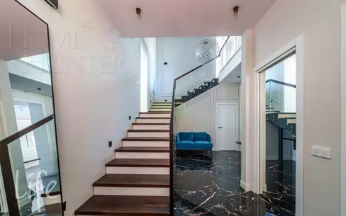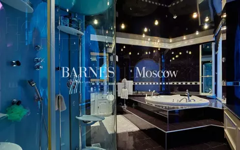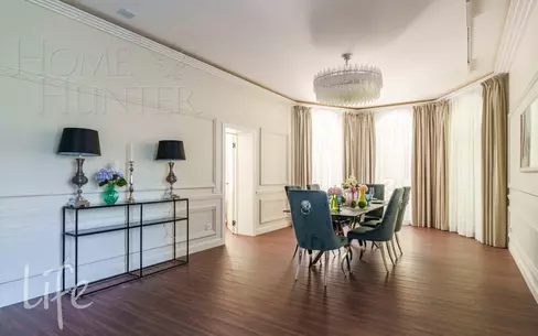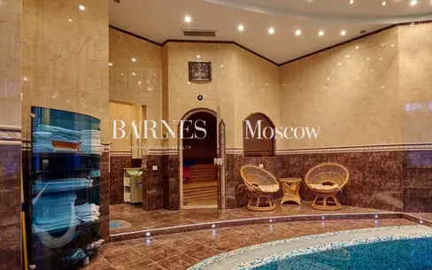 Новый современный особняк с эксклюзивной отделкой расположен прямо в центре стародачной коттеджной застройки деревни Жуковка на удалении от Рублево-Успенского шоссе. Планировкой дома предусмотрена шикарная гостиная с двусторонним паровым камином,
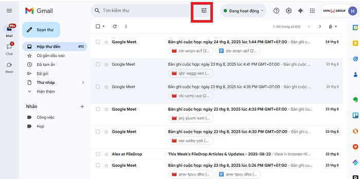 Lợi ích lớn của lưu trữ là cách tìm lại thư đã lưu trữ trong Gmail rất trực quan, thông qua menu Tất cả thư hoặc thanh tìm kiếm. Bạn có thể tìm theo tên người gửi, tiêu đề, từ khóa hoặc dùng bộ lọc nâng cao. Nhờ đó, việc tra cứu hóa đơn, hợp đồng hay email cũ trở nên nhanh chóng và không phải mò trong hàng ngàn thư trong Hộp thư đến nữa.
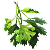 Liście świeżej pietruszki zioło na białym tle, akwarela, ilustracja na białym tle

------------------------

◆ **What this task involves**: Word for word, reproduce the material above and omit each image.

◆ **Written response**:
 Новый современный особняк с эксклюзивной отделкой расположен прямо в центре стародачной коттеджной застройки деревни Жуковка на удалении от Рублево-Успенского шоссе. Планировкой дома предусмотрена шикарная гостиная с двусторонним паровым камином,
 Lợi ích lớn của lưu trữ là cách tìm lại thư đã lưu trữ trong Gmail rất trực quan, thông qua menu Tất cả thư hoặc thanh tìm kiếm. Bạn có thể tìm theo tên người gửi, tiêu đề, từ khóa hoặc dùng bộ lọc nâng cao. Nhờ đó, việc tra cứu hóa đơn, hợp đồng hay email cũ trở nên nhanh chóng và không phải mò trong hàng ngàn thư trong Hộp thư đến nữa.
 Liście świeżej pietruszki zioło na białym tle, akwarela, ilustracja na białym tle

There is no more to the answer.